In case 1, the else associates with the first then. In case 2, the else associates with the second then, So, in the LL(1) table for this grammar in row <optional else> column else, either rule 16 or 17 applies. There is no way to fix the grammar to make it LL(1). The language just doesn't allow a way to include else associations with then in an unambiguous fashion (the language is inherently non LL(1)---there is no LL(1) grammar for it).

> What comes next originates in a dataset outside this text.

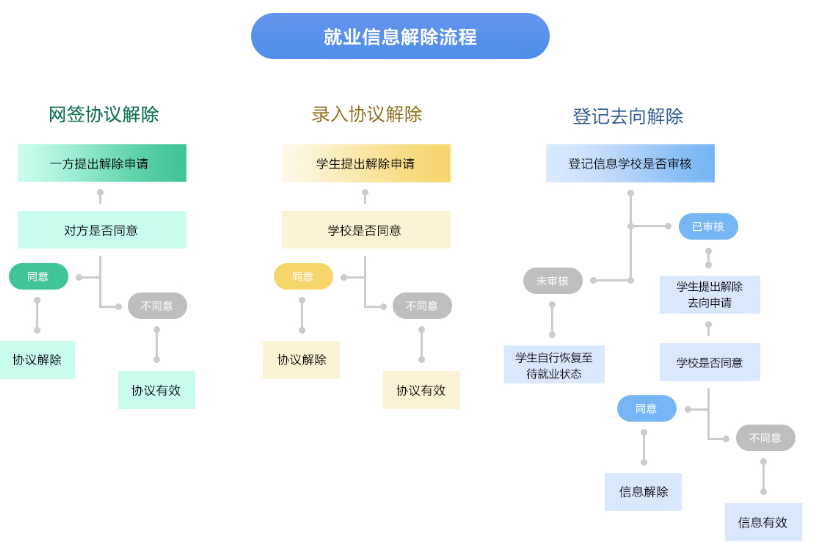 注:毕业生离校派遣后,如网上签约单位,系统在学生应约时可自动解除录入的协议;如录入就业协议(即线下签约),系统在学生提交审核时可自动解除已录入的协议,不再需要学校审核。

We can find a non-ambiguous grammar for the language, but we cannot find an LL(1) grammar for it. The following grammar is non-ambiguous:

<statement>              ⟶ <if_then_statement>
<if_then_statement>      ⟶ if <expression> then <if_then_statement>
<if_then_statement>      ⟶ <if_then_else_statement>
<if_then_else_statement> ⟶ if <expression> then <if_then_else_statement> else <statement>
<if_then_else_statement> ⟶ <other_statement>

However, this grammar is not LL(1). It is, however, LR(1). It is possible to parse strings according to this grammar bottom up. The reason is that we find entire right hand sides before reducing them to the left hand side. So, if we were parsing an if statement and we had found if <expression> <then> <other statement> and the lookahead is else, we know that we still don't have the right hand side. Otherwise, we do.

But we don't need to go through all of these contortions for either LL(1) or LR(1) parsing. Go ahead and use the original grammar. If its only ambiguity is in the if statement, this means that the LL(1) table will have a conflict in row <optional_else> column else. Both rules 16 and 17 will show up there. In such a case, the language definition will include, in English, a paragraph that states that any else must be matched with the most recent then. This just means that we remove rule 17 from row <optional_else> column elseleaving

	if	else	end

<statement>	15
<optional_else>	17	16	17